1967 - INTCODE and BCPL

INTCODE and BCPL #

BCPL is a programming language designed in the 1960’s by Martin Richards at the University of Cambridge. The C programming language has its roots in B, which in turn was derived from BCPL. Being such a close relative of C, the BCPL language still has a familiar look and feel, half a century later.

INTRODUCTION #

The original (“classic”) BCPL system was implemented with a very simple 16-bit interpreter called INTCODE. Porting BCPL to another machine was a matter of adapting the INTCODE interpreter to run on the new hardware. An easy task, even for different word lengths, because INTCODE and BCPL were word-oriented: an int was whatever the machine supported.

I learned and used BCPL on a PDP-11 and on a CDC-6400 (“Cyber”). The language was a breath of fresh air for systems programming, after languages such as FORmula TRANslator. The BCPL compiler is itself written in BCPL, astonishingly small and simple, and portable - a nice illustration of what you gain when making language tools “self-hosted”.

Hardware #

For the hardware to run BCPL on, I am using a WeAct STM32F412 board (link), which has enough internal RAM to hold a 64 kiloword memory area - the maximum possible in a non-banked system with 16-bit word addressing.

There is a µSD card socket on the back and 512 KB of internal flash, enough to implement a variety of storage options.

SOFTWARE #

The software starts out simple: an INTCODE interpreter, implemented in C++ with just character input and output over the serial port.

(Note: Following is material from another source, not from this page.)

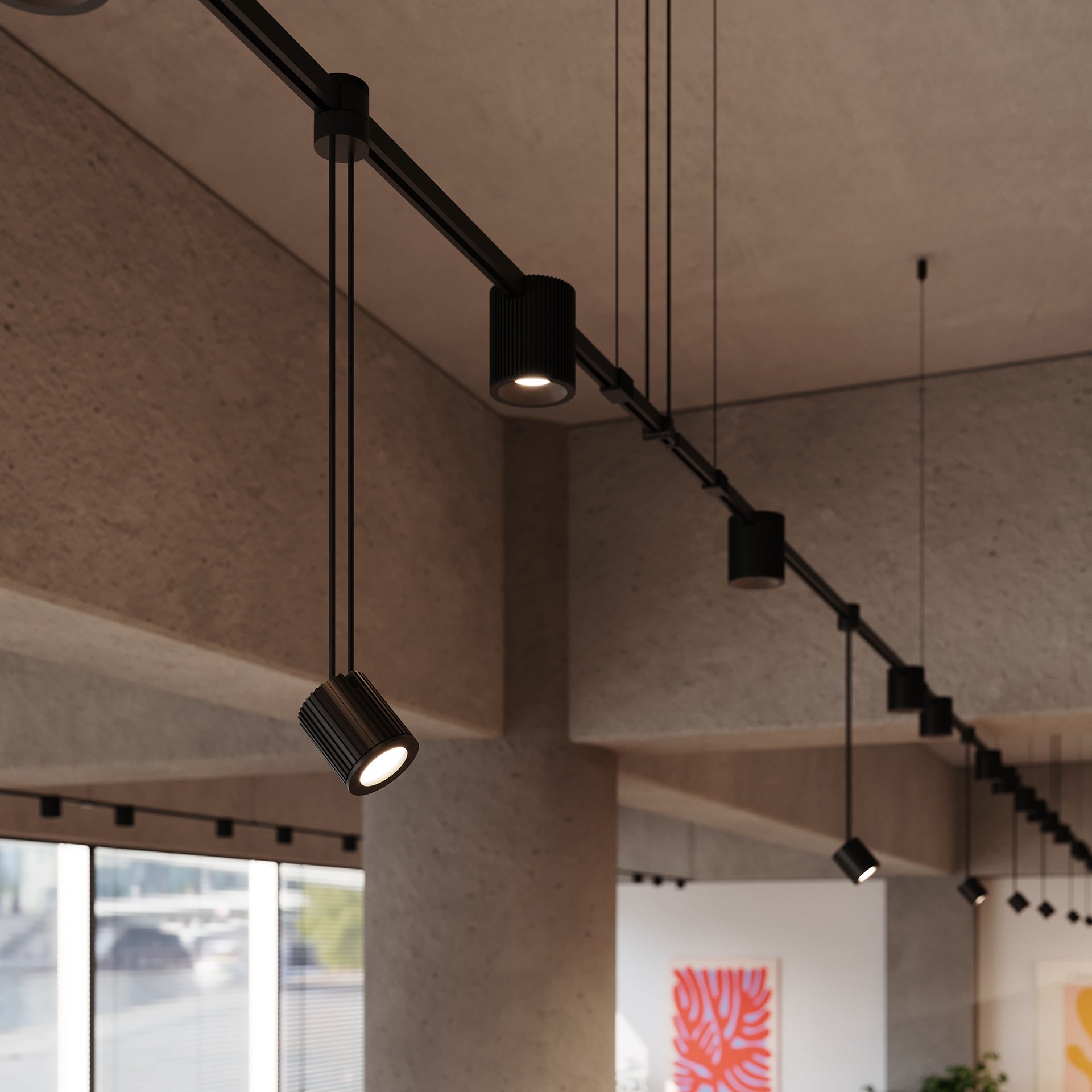 Power bars are suspended at right angles to each other, connected by perpendicular Power Bar Hangers. Zig Zag arrangements can be used to form a linear pattern, or combined and oriented to form a broad composition arrayed across the plane of an entire ceiling.
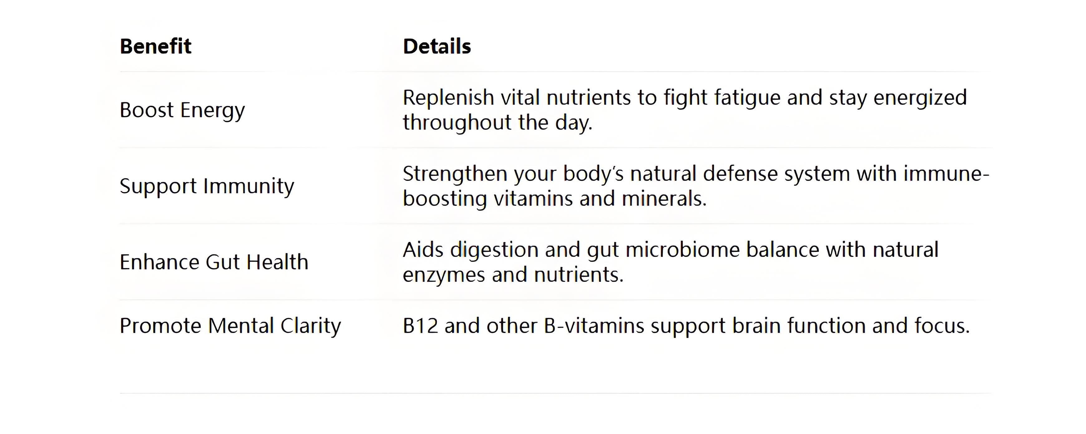 - Supports Immunity & Energy: Boost your immune system and sustain your energy levels naturally.

To verify the basic setup, a small BCPL test program has been pre-compiled and included as hello16.h header with binary data in the source code:

GET "LIBHDR"

LET START() BE
    $( LET A, B, C, SUM = 1, 2, 3, 0
       SUM := A + B + C
       WRITES("*NSum of 1 + 2 + 3 is ")
       WRITEN(SUM)
       WRITES("*NHello, World*N")
    $)

Sample output:

hello: STM32F41x @ 100 MHz (v7.0.2-66-ge2b87b88)

Sum of 1 + 2 + 3 is 6
Hello, World

If you read “GET” as “#include” and “START()” as “main()”, you can see the similarity with C …

Running natively #

The same code will also run on a “host” build of the interpreter (a 2020 MacBook Air in this case):

$ cd retro/host && make ic16
pio run -e ic16 -s && .pio/build/ic16/program

Sum of 1 + 2 + 3 is 6
Hello, World
$

Voilá … this is portability at the (interpreted) machine code level.